*** Opening of Supplied material ***

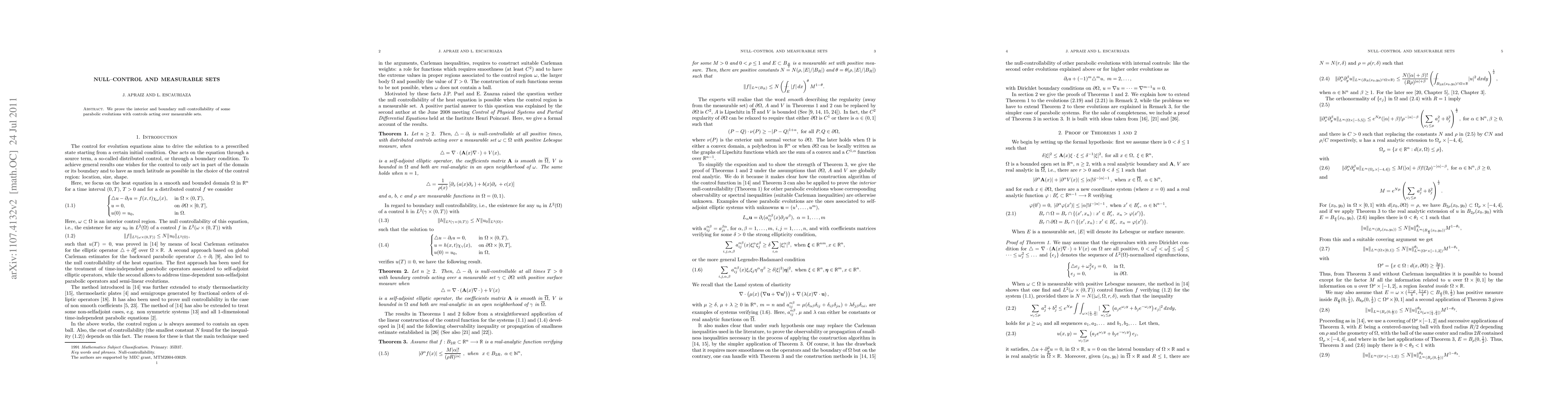 This paper demonstrates the interior and boundary null-controllability of certain parabolic evolutions where controls are applied over measurable sets, establishing significant results for control theory.
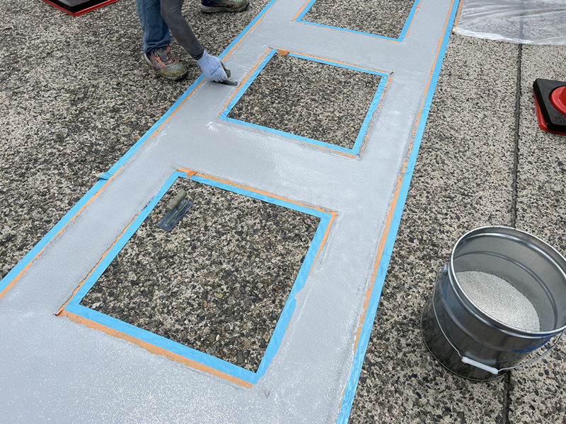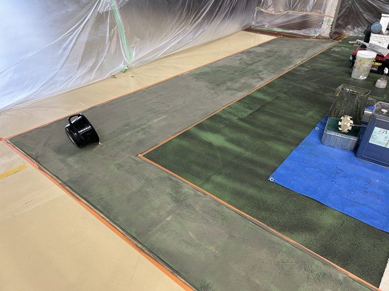 当社が手掛ける床塗装は、見た目を美しく整えるだけでなく、日々の衝撃や摩耗から床面をしっかり守る役割も果たしています。お客様のご要望や施設の用途に応じて最適な加工方法を選定し、長く安心して使える床環境をご提供します。 施工では、樹脂をローラーや刷毛、コテで丁寧に塗布するほか、専用機械を用いた研磨やはつり作業も行い、高い耐久性と仕上がりの美しさを実現します。作業期間は最短1日、通常は2日に分けて効率的に行っています。
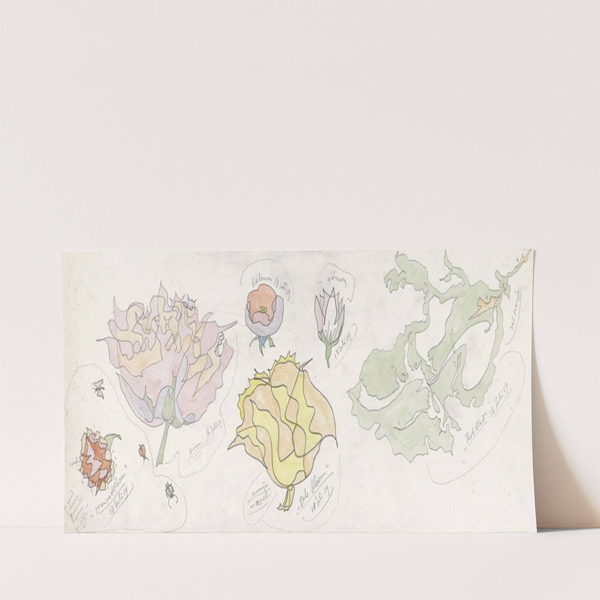 Ontwerp voor aardewerkdecoratie; granaatbloem, pioen, gele bloem en rotblad (1919-07-16) by Theo Colenbrander - Wall Art Print
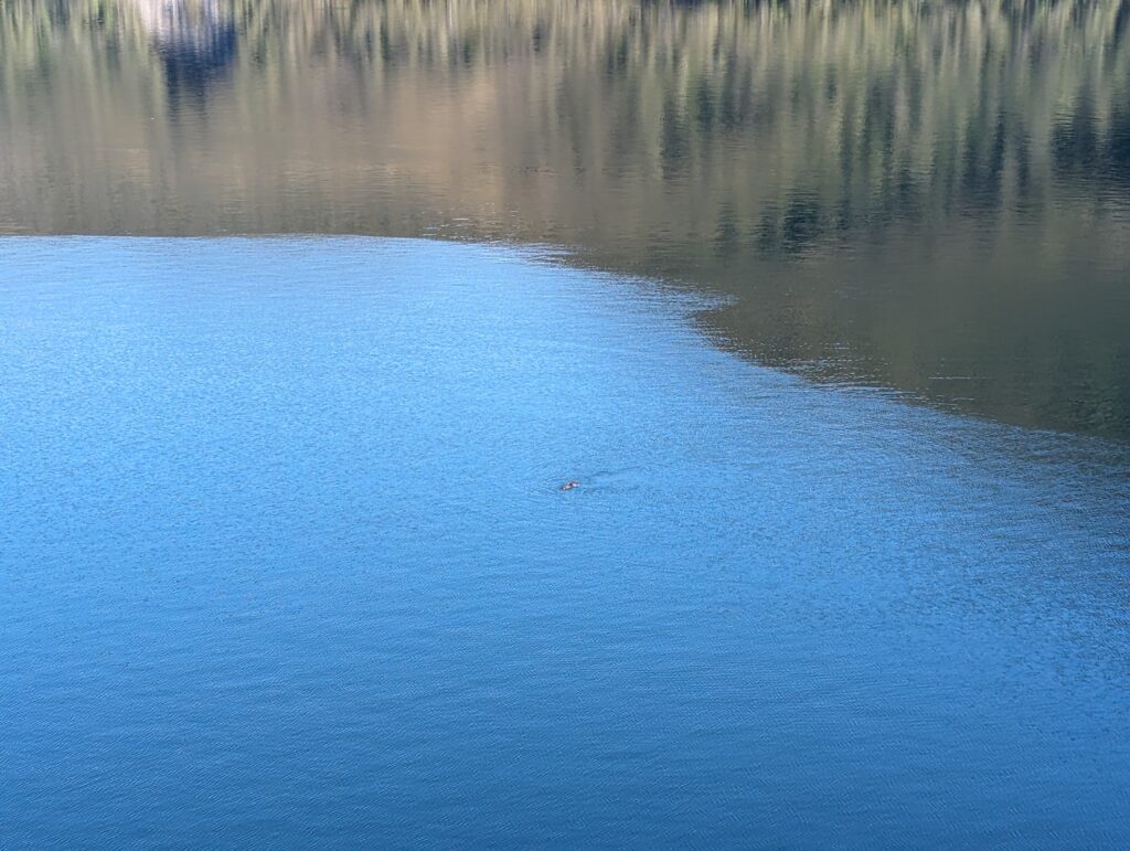 On croise des oiseaux, des poissons, des crustacés, et même des méduses. On se dit qu’il ne manque que le transat, quand soudain on voit une petite chose qui brille sur l’eau, et qui disparaît. Pour revenir 10 secondes plus tard. Soudain, une autre petite chose qui brille. Je prends mes jumelles, trop tard elle a disparu à nouveau…. Mais une autre arrive, cette fois-ci je la voie, c’est une loutre de mer ou une otarie. Et il y en a plein ! Certaines nagent en sautant hors de l’eau, d’autres barbotent en se laissant porter par le courant. On reste les regarder, ou alors c’est elles qui nous regardent.
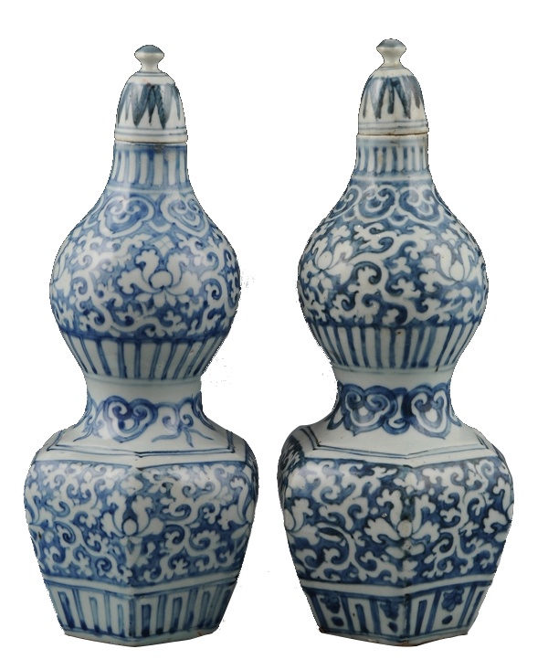 青花缠枝花卉纹葫芦盖瓶 明嘉靖
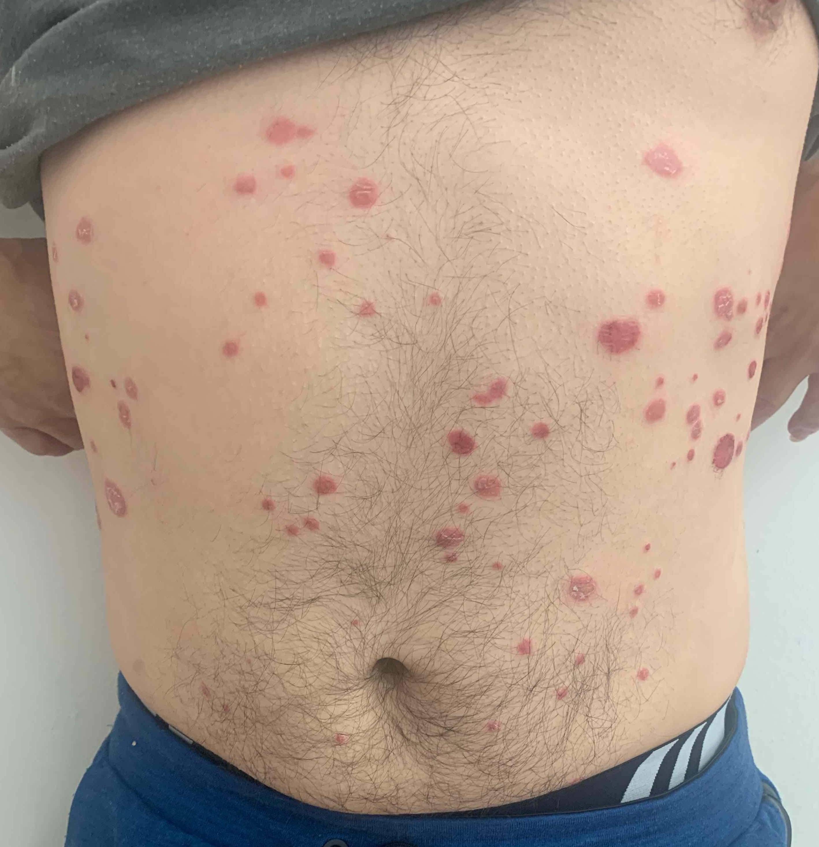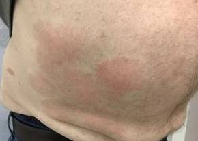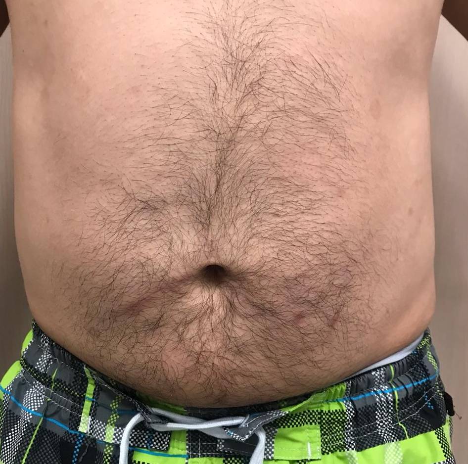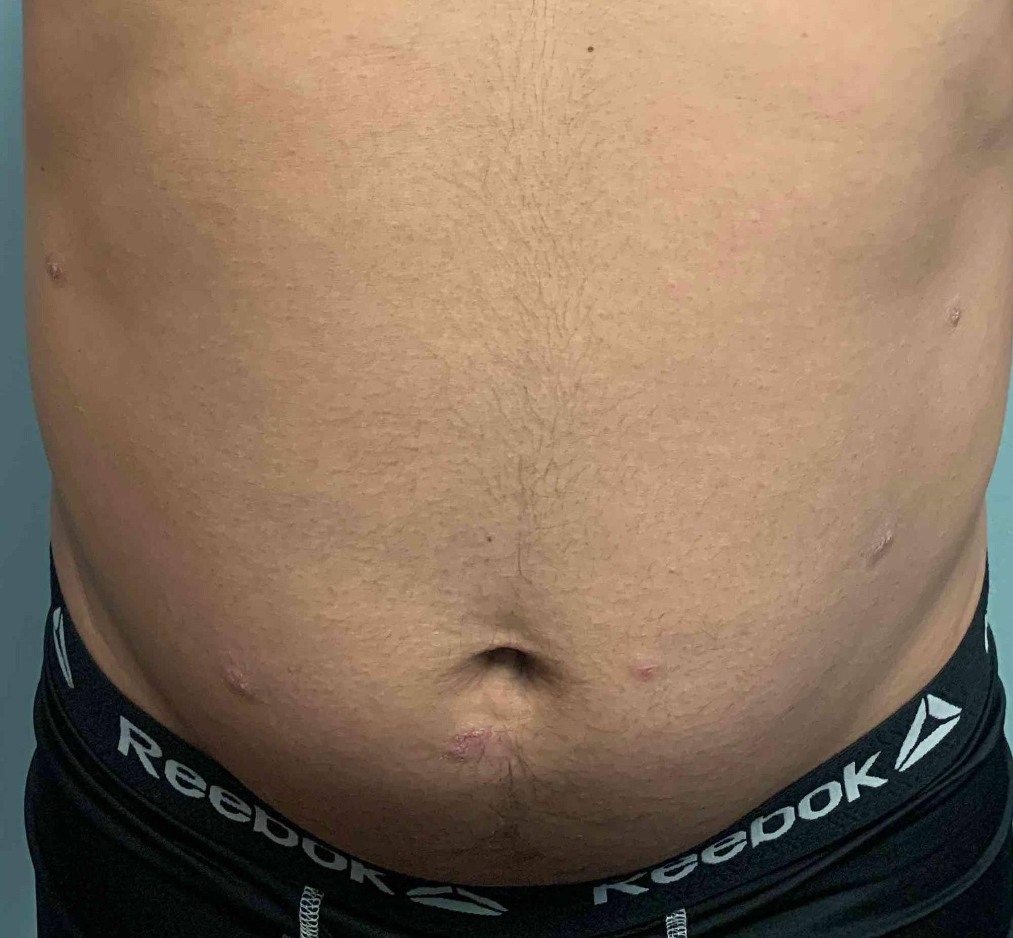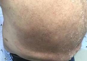 This is a 55 year old male patient who came in for psoriasis on his abdomen. The patient was treated with Cosentyx and was pleased with his results.
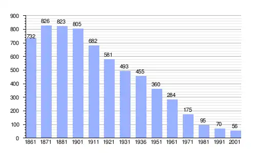| Gráfica de evolución demográfica de Valmala entre 1861 y 2001 |
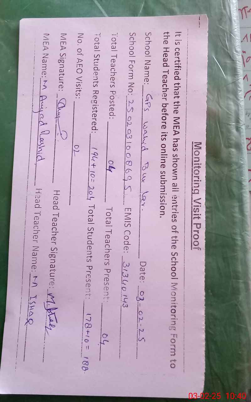 | Certified that this School was Inspected by the Undersigned MEA/DMO Today and the Information Stated Above is as Per Record. | |||||
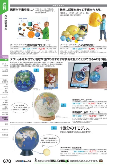 黒板が宇宙空間に!マグネットシートタイプなので、マグネットがつく黒板やロッカー、扉などに貼れます。教室に惑星を飾って宇宙を作ろう。●惑星のイメージのビニールボールのセットです。●耐久性が高く、丸洗いも可能です。天体学習用具使用例[ラーニング・リソーシズ]太陽系惑星マグネットシート[ラーニング・リソーシズ]ふくらむ太陽系セット商品種別型式/LER6040お申込番号M価税抜8-615-3671¥4,568税抜価格¥4,337税込価格¥4,770単位1セット商品種別型式/LER2434お申込番号M価税抜8-615-3828¥9,429税抜価格¥8,490税込価格¥9,339単位1セット●寸法/太陽:250径)mm●片面印刷マグネットシート●マーカー対応●包装数:1/12〈セット内容〉12ピースセット/岩石惑星:水星・金星・地球・火星、ガス惑星:木星・土星・天王星・海王星・冥王星(準惑星)、恒星:太陽、衛星:月、小惑星帯●寸法/127〜584径)mm●質量/1135g(個装重量)●包装数:1/6〈セット内容〉惑星8個、冥王星1個、太陽1個、月1個、吊り下げフック、空気入れ、修理用シート、アクティビティガイド(外国語)タブレットをかざすと地球や世界のさまざまな情報を見ることができるAR地球儀。全世界の雲、雨、風、気温の分布をほぼリアルタイムで見ることができます。1週間にわたる世界の雲、降水量、気温の変化を動画で見ることも可能です。その他世界の国旗や統計情報、恐竜から太陽系の惑星までさまざまなコンテンツが見られます。※1時間ごとに更新。径150mm[渡辺教具製作所]環境地球儀商品種別お申込番号M価税抜税抜価格ブルーテラ●寸法/球径120mm●材質/球体:再生紙、台座:木、月モデル:発泡スチロール●包装数:1〈画像提供:東海大学情報技術センター〉8-615-0669オープン¥3,070税込価格¥3,377単位1台使用例税込価格¥4,400単位1個ほぼ日のアースボールお申込番号M価税抜8-615-3911オープン税抜価格¥4,000●寸法/球径150mm●質量/160g●材質/本体:非フタル酸PVC、台座:ポリカーボネート●付属品/プラスチック製台座●対応OS/iOS、Android●包装数:1ほぼ日のアースボールジャーニーお申込番号M価税抜税抜価格8-615-3921オープン¥10,000¥11,000税込価格単位1台●寸法/200(径)×230高)mm●質量/400g●材質/本体:再生紙、ABS、台座:木●付属品/木製台座●包装数:1※仕様や動作環境はメーカーHPをご覧ください。https://earthball.1101.com/top.html径200mmほぼ日のアースボールジャーニー200mmAR地球儀「アースボール」が行政タイプに進化!※ご利用いただくには、アプリのダウンロードが必要です。アプリのダウンロード・ご利用は無料ですが、その際に生じる通信料はお客様のご負担となります。ほぼ日のアースボールARコンテンツ例150mm径120mm1億分の1モデル。宇宙からの画像をもとにした、地球儀です。地球と月の距離を表すひも(約3.8m)と、同縮尺の月付きです。120mm理科天体学習用具学習支援用品理科ビーカー・ビーカー・容器類容器類スタンド類・加熱器具加熱器安全配慮安全配温度計・温度計計量・計測鏡・鏡・レンズ・レンズ・磁石磁石電気・電気・パーツ類パーツ類エネルギーエネルギーろ紙・ろ紙・試験紙・試験紙環境測定環境測薬品・薬品・実験材料実験材実験キット・おもしろ実験し理科教材・実験器観察観察飼育・栽培飼育・栽培収納・管理670Vol.20この他にも別冊に理科関連用品を掲載しております。
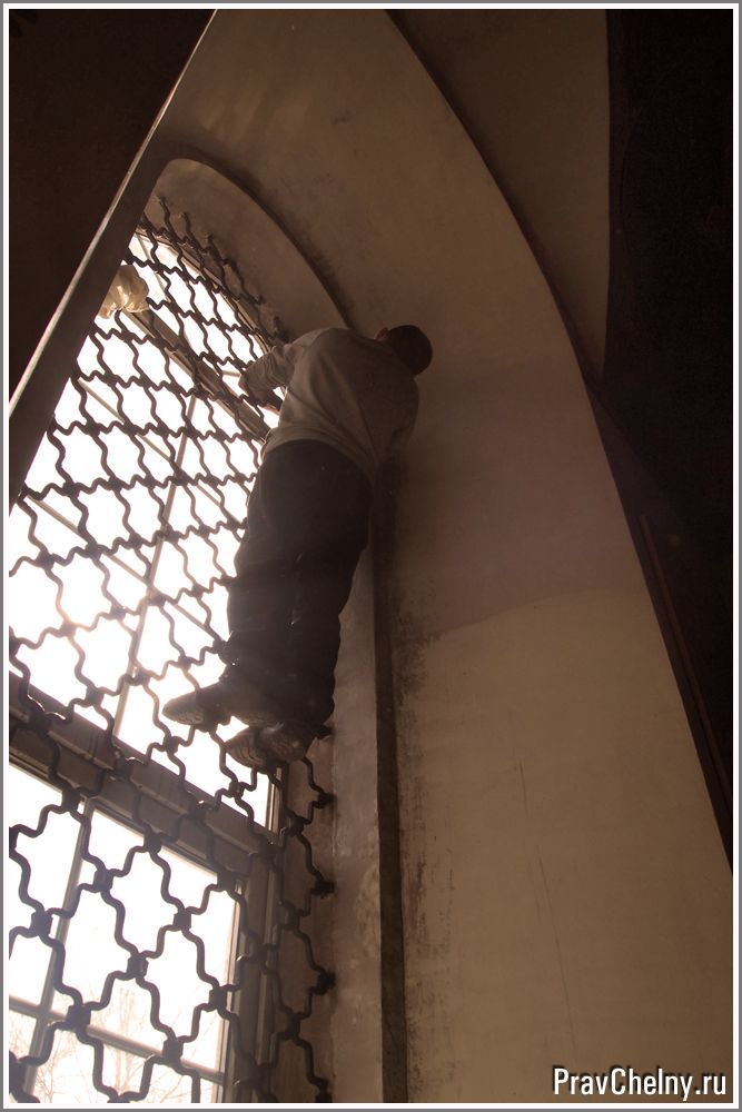 Набережные Челны, 11 апреля — Православное Закамье. 9-10 апреля после утренних богослужений прихожане и работники Свято-Вознесенского собора Набережных Челнов занимались подготовкой своего любимого храма к грядущему празднику Пасхи. В перерывах между службами верующие приводили в порядок церковную утварь, мыли стены, иконы и окна.
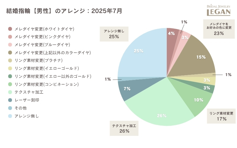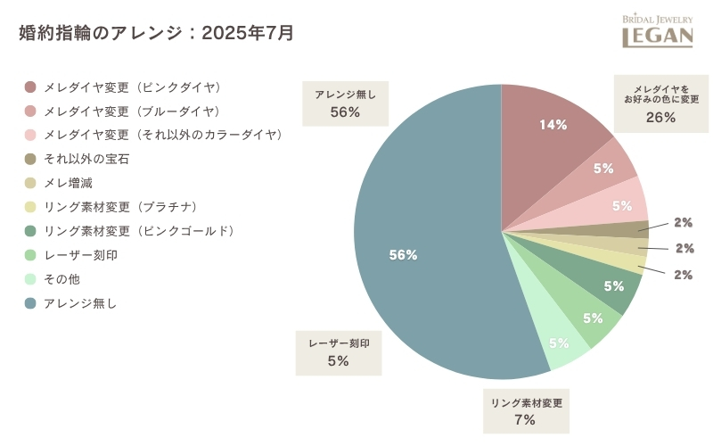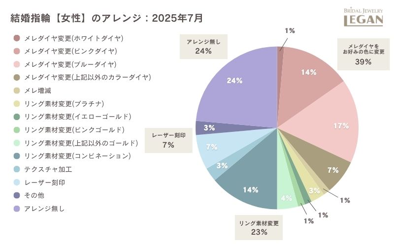 メレダイヤをお好みの色に変更する方が、26%いらっしゃいます。そのほか定番の名前や記念日などを入れるレーザー刻印や、リング素材を変更するアレンジが人気です。
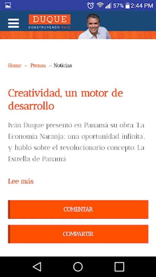 Through this application you can enter online digital content Senator Iván Duque more easily and quickly.

*** Close of Supplied material ***

About this task:
What you return must match the lines from the top of the data through the line with "Record. | |||||" exactly, with the pictures removed.

Written response:
 This paper demonstrates the interior and boundary null-controllability of certain parabolic evolutions where controls are applied over measurable sets, establishing significant results for control theory.
 当社が手掛ける床塗装は、見た目を美しく整えるだけでなく、日々の衝撃や摩耗から床面をしっかり守る役割も果たしています。お客様のご要望や施設の用途に応じて最適な加工方法を選定し、長く安心して使える床環境をご提供します。 施工では、樹脂をローラーや刷毛、コテで丁寧に塗布するほか、専用機械を用いた研磨やはつり作業も行い、高い耐久性と仕上がりの美しさを実現します。作業期間は最短1日、通常は2日に分けて効率的に行っています。
 Ontwerp voor aardewerkdecoratie; granaatbloem, pioen, gele bloem en rotblad (1919-07-16) by Theo Colenbrander - Wall Art Print
 On croise des oiseaux, des poissons, des crustacés, et même des méduses. On se dit qu’il ne manque que le transat, quand soudain on voit une petite chose qui brille sur l’eau, et qui disparaît. Pour revenir 10 secondes plus tard. Soudain, une autre petite chose qui brille. Je prends mes jumelles, trop tard elle a disparu à nouveau…. Mais une autre arrive, cette fois-ci je la voie, c’est une loutre de mer ou une otarie. Et il y en a plein ! Certaines nagent en sautant hors de l’eau, d’autres barbotent en se laissant porter par le courant. On reste les regarder, ou alors c’est elles qui nous regardent.
 青花缠枝花卉纹葫芦盖瓶 明嘉靖
 This is a 55 year old male patient who came in for psoriasis on his abdomen. The patient was treated with Cosentyx and was pleased with his results.
| Gráfica de evolución demográfica de Valmala entre 1861 y 2001 |
 | Certified that this School was Inspected by the Undersigned MEA/DMO Today and the Information Stated Above is as Per Record. | |||||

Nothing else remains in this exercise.